Sunday, December 21, 2008

CRAZY

I haven't been this hormonal in a long time. Last night, it started....

My mom made my siblings and I popcorn for dinner. I love popcorn and, like the crazy girl I am, hid it so that I could control when my siblings ate some. They obliged. However, soon enough, my dad ambled into the kitchen, reached onto the counter and grabbed the largest bowl of popcorn.

"You better not eat all of that," I warned him. I tried to be normal, to control the edge in my voice, but inside I was raging. My popcorn! MY POPCORN!

He went into the TV room and proceeded to eat HALF THE BOWL. I could not control myself when I walked in ten minutes later, his greedy fingers scooping the delicious kernels into his mouth, his eyes trained to the television screen, not even visually enjoying the buttery goodness. "You can't take that popcorn!" I cried. "It's for our dinner!"

My dad threw the bowl down and stalked off. I ran upstairs and cried until my parents left for their date.

Eventually, I came back downstairs and my siblings and I took our full bowls of popcorn (my mom had made us some more) and watched some movies. First, we watched The Lion King. I could not understand how I ever handled The Lion King before. Its devastating! I couldn't stop crying. We put in Rudolph, instead. Also, devastating. He's a misfit! I couldn't handle it. I left after twenty minutes and went to read Chloe's book 21 Proms. I cried and cried.

MY LIFE IS OVER. MY LIFE IS JUST LIKE THESE PROMS. ALL OF MY RELATIONSHIPS ARE EXACTLY THE SAME AS THESE. I tried to quiet myself down by contemplating how old and mature I am. Twenty. I'm twenty! I am mature! I am completely in control of myself!

To say the least, today didn't go very well.

And, unfortunately, my mom is about to make popcorn again...

Wednesday, December 10, 2008

Sleepy

Our class went twenty minutes over today.
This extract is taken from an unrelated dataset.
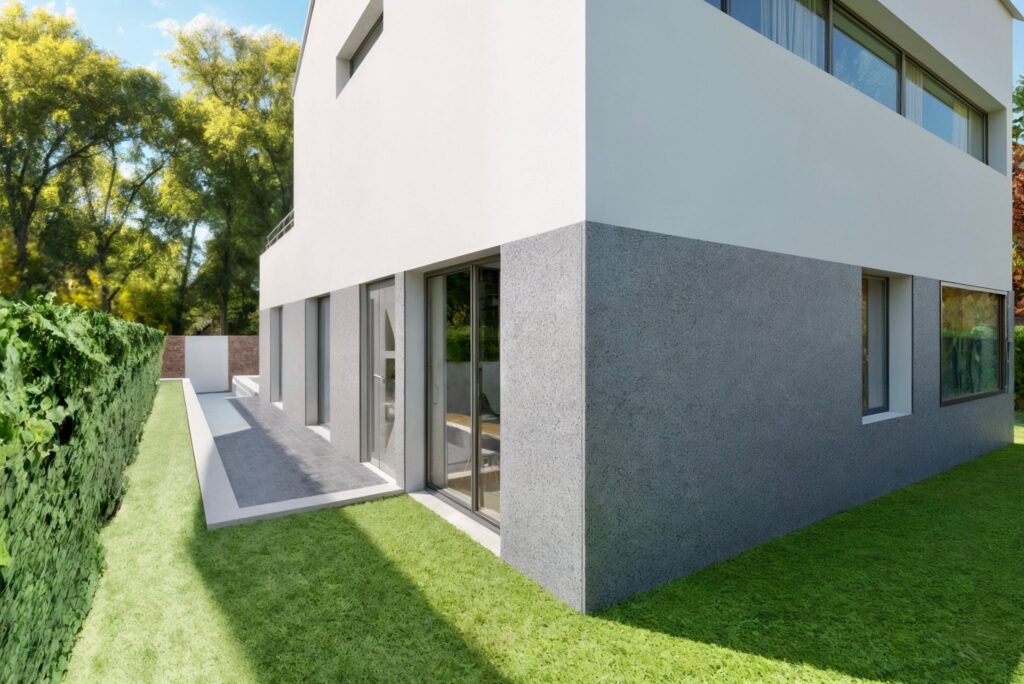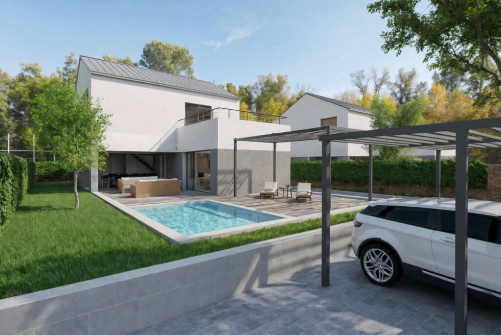 En el exterior de la casa encontramos: un aparcamiento con puerta de entrada motorizada con mando a distancia, un porche, un patio y una terraza. La zona de acceso creada a partir de peldaños y solados de solera de hormigone impreso, y un video portero automático.

I wandered down the ice-covered sidewalk afterward and my head was boiling. Through a little yellow window I saw the inside of a little yellow house--the molding, the family portraits, the bookshelves. I love yellow houses.

Throughout my entire childhood I hated brick houses, even though my father would tell me that WE had a brick house so that if the grass burned our house wouldn't burn too.

When my parents divorced, my mom and us kids moved to a little yellow house. It felt safe.

When my mom remarried, we moved to a brick house. Life was exciting. I was living in Detroit. My family was expanding. I changed my mind. I would like brick houses! Maybe someday I would even live in a brick house!

But now, eight years later, I can't do it. I don't like brick houses. I love my family, of course. (This isn't some sort of strange symbolism.) But I don't like brick houses, I like little yellow houses.

Monday, December 1, 2008

I miss my family; I want to be a teenager again

It started in the fall. Fall isn't very long. Spring lasts longer. I can take spring and it can tease me and whip me and leave me breathless but fall always catches me off guard. It punches me in the gut with vibrant colors and cold wind. Then, its winter and we are no longer standing by a river shivering into our sweaters but we are freezing in blankets and no one wants to leave the fire.

The good thing about winter is that it is a long romance. Night intensifies all feeling and winter--snow against sky, eyes sparkling with champagne--is perpetual night. I can stand with the snow falling into my messy hair and my lips bitten and my cheeks flushed and you will kiss me. I can stand straight under a mistletoe with a Christmas sweater and polished fingernails and you will kiss me. I can run breathless up a snowbank and slip over a patch of ice--spilling red hat, red gloves into the snow--and you will, inevitably, kiss me.